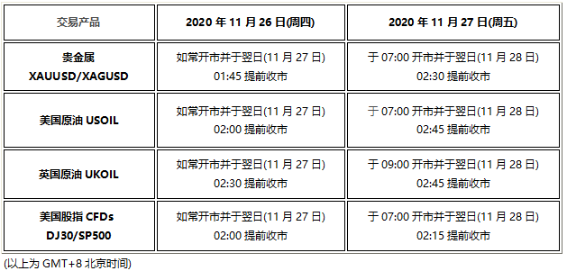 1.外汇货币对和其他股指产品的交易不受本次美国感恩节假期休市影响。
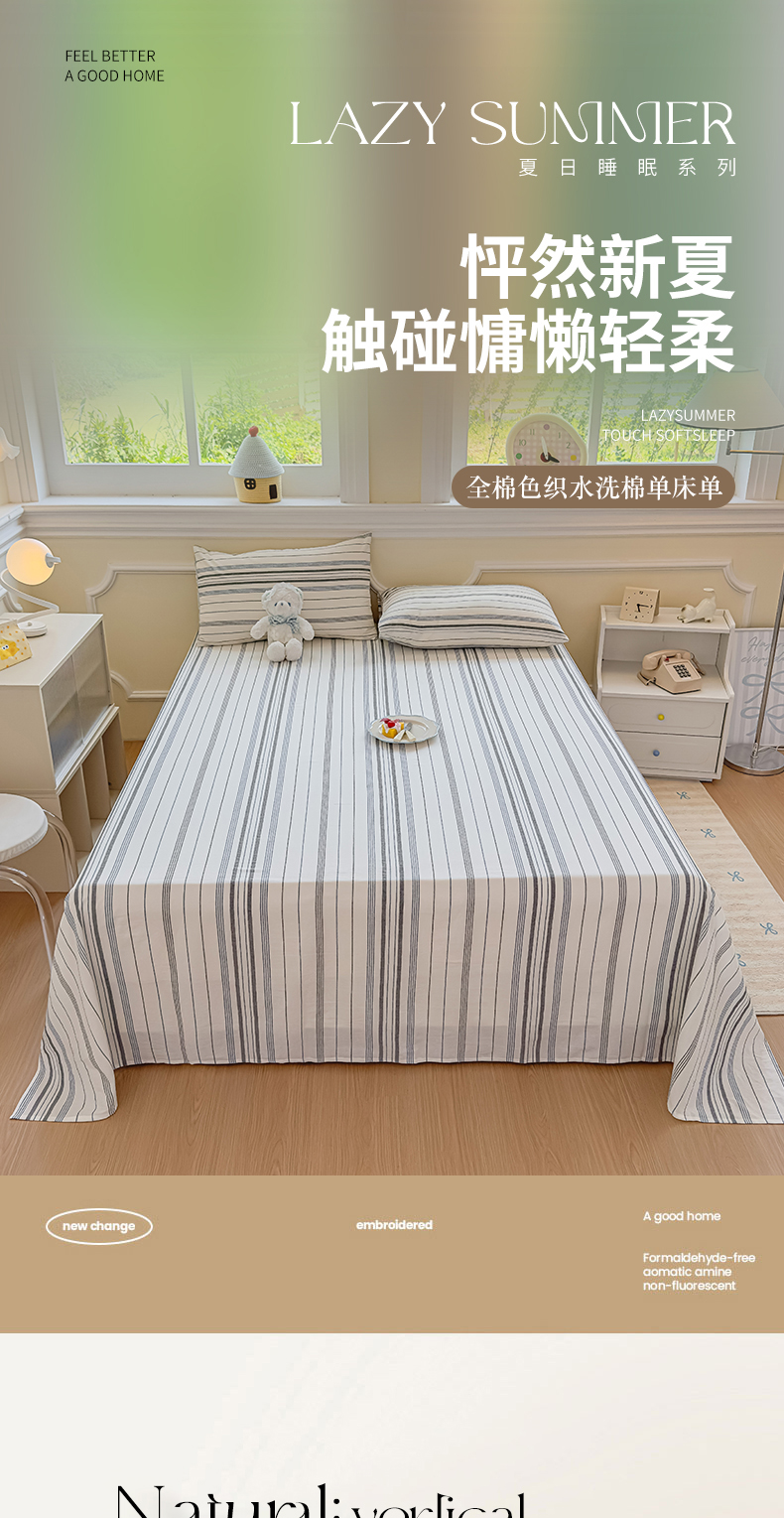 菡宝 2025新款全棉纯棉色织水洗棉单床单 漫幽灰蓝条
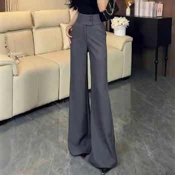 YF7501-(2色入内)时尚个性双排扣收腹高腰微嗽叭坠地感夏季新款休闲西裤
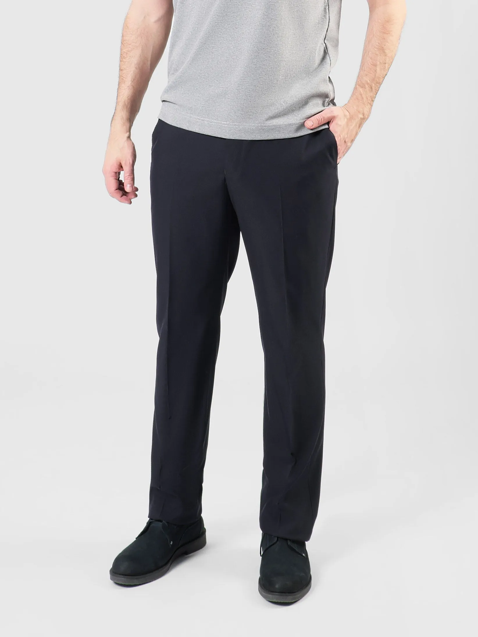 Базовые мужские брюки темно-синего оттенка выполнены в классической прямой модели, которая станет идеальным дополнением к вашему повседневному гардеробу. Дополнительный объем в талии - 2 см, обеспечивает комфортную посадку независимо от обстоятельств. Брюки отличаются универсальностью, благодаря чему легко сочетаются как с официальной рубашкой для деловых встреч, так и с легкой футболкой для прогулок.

---

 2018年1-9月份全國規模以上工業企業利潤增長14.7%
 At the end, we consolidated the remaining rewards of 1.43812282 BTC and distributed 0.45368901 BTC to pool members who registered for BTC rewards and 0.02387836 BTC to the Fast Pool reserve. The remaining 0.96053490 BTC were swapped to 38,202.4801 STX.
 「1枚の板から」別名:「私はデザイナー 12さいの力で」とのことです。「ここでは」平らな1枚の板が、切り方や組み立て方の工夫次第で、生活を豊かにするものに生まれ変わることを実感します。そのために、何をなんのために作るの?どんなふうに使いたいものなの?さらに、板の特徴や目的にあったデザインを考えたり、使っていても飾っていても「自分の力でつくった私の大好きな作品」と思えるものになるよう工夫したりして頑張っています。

==

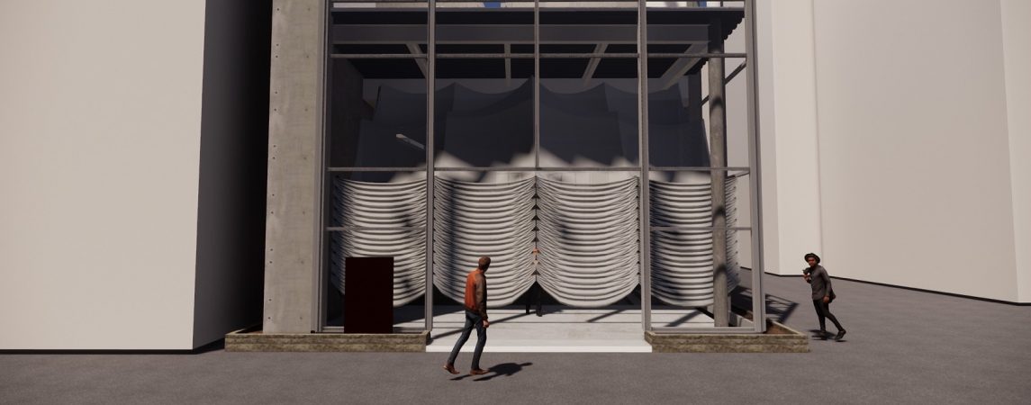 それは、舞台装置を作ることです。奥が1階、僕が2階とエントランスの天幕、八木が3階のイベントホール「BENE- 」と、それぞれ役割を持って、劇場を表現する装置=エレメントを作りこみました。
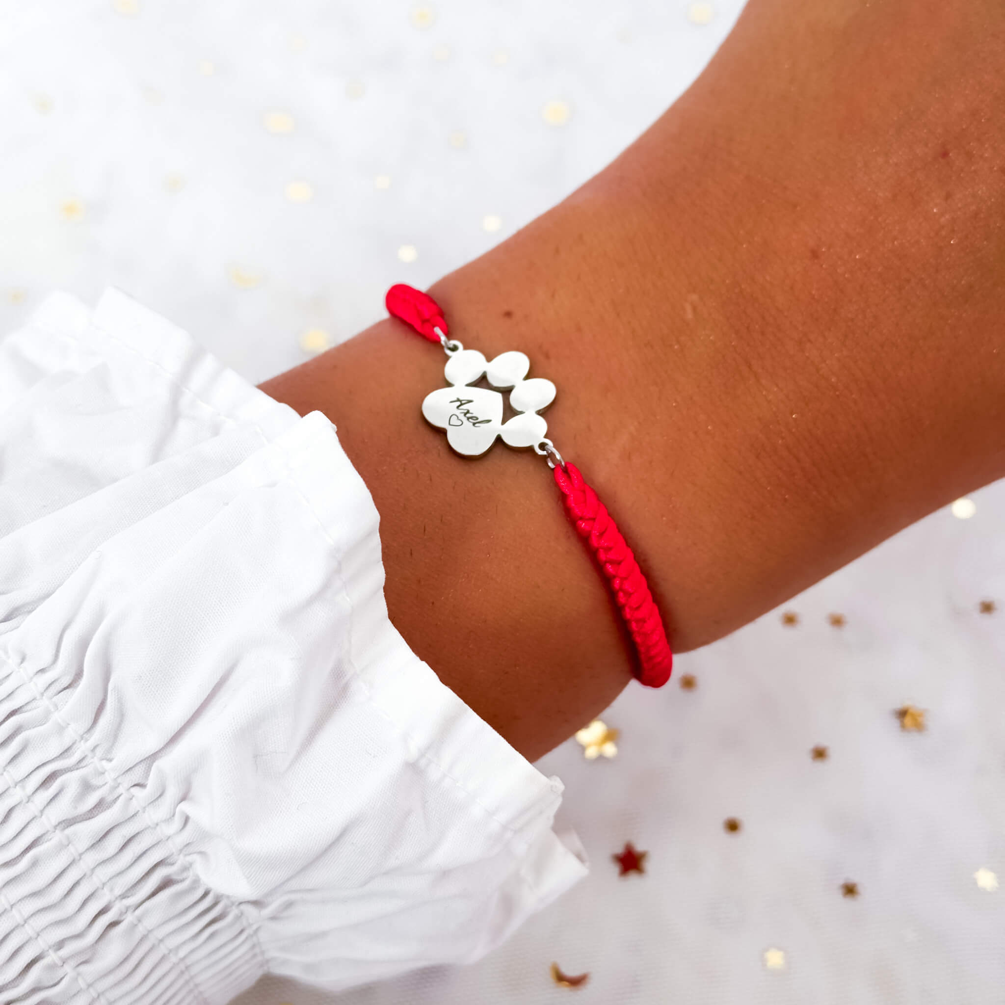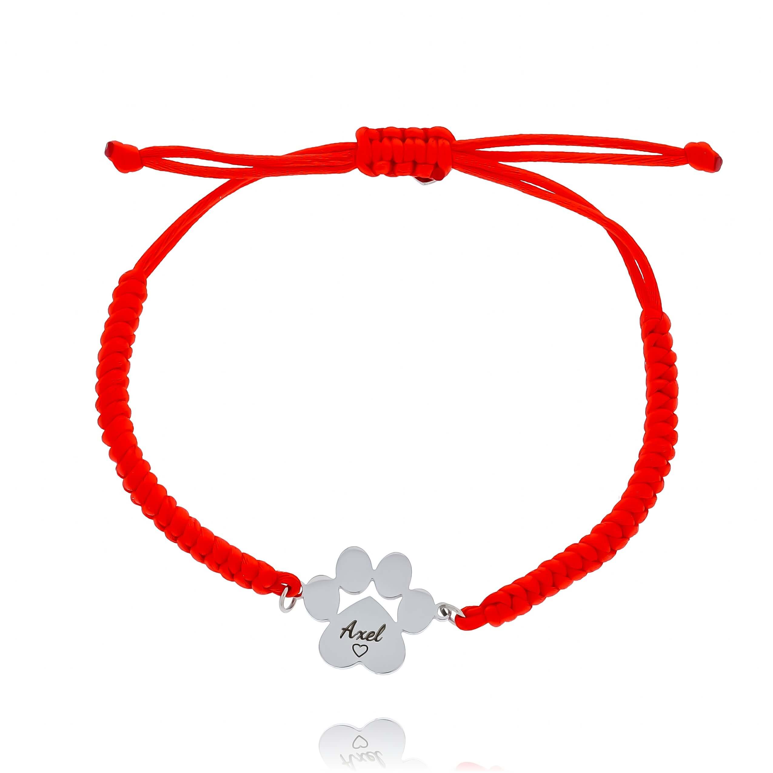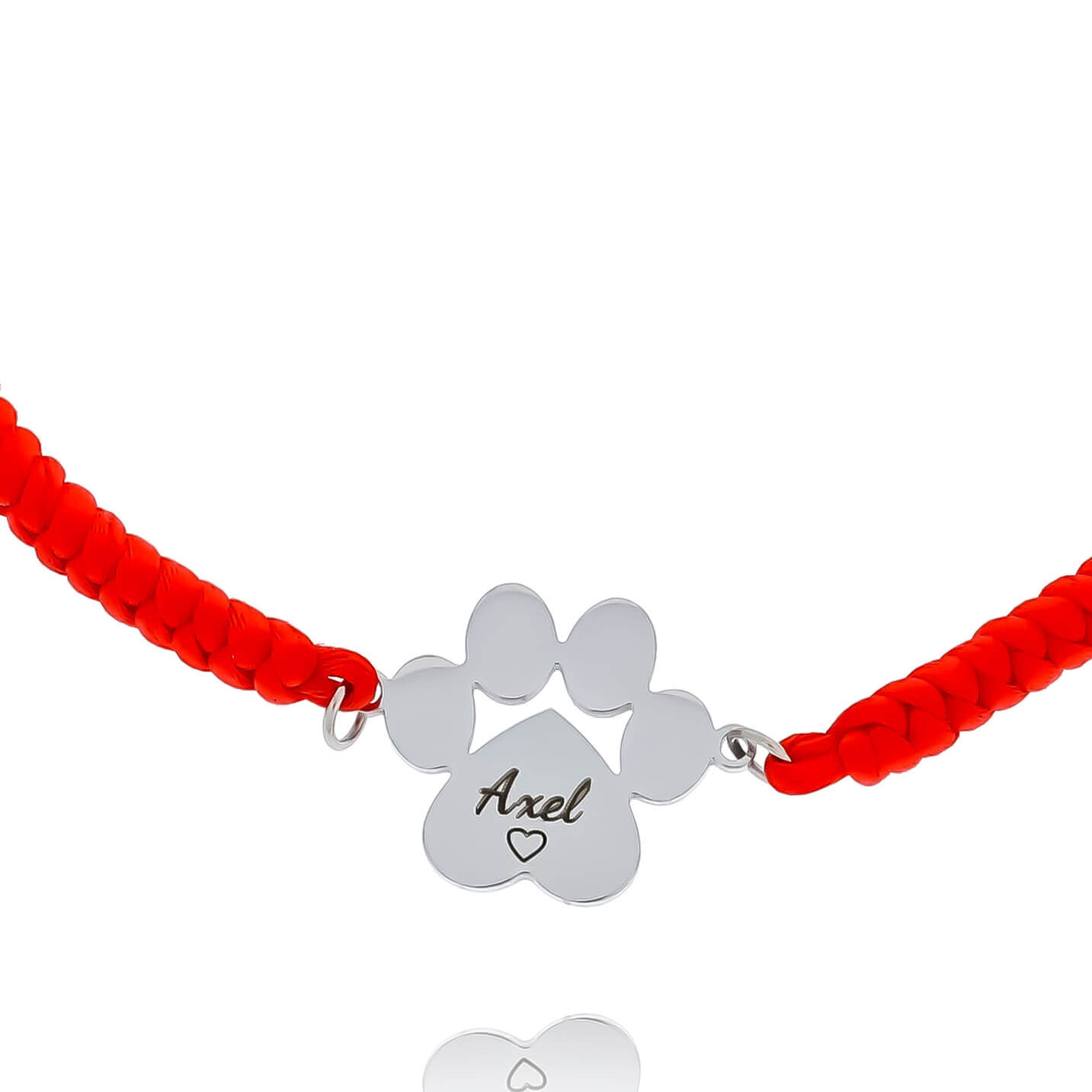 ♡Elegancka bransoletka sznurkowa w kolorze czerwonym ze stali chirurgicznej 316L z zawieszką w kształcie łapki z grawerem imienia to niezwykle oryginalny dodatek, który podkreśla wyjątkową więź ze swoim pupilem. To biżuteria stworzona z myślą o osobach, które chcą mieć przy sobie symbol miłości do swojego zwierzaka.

Work instructions. In the listing above, find the line containing "1.外汇货币对和其他股指产品的交易不受本次美国感恩节假期休市影响。" and the line containing "YF7501-(2色入内)时尚个性双排扣收腹高腰微嗽叭坠地感夏季新款休闲西裤". Print those two lines and every line between them exactly, with no pictures.

Response.
 1.外汇货币对和其他股指产品的交易不受本次美国感恩节假期休市影响。
 菡宝 2025新款全棉纯棉色织水洗棉单床单 漫幽灰蓝条
 YF7501-(2色入内)时尚个性双排扣收腹高腰微嗽叭坠地感夏季新款休闲西裤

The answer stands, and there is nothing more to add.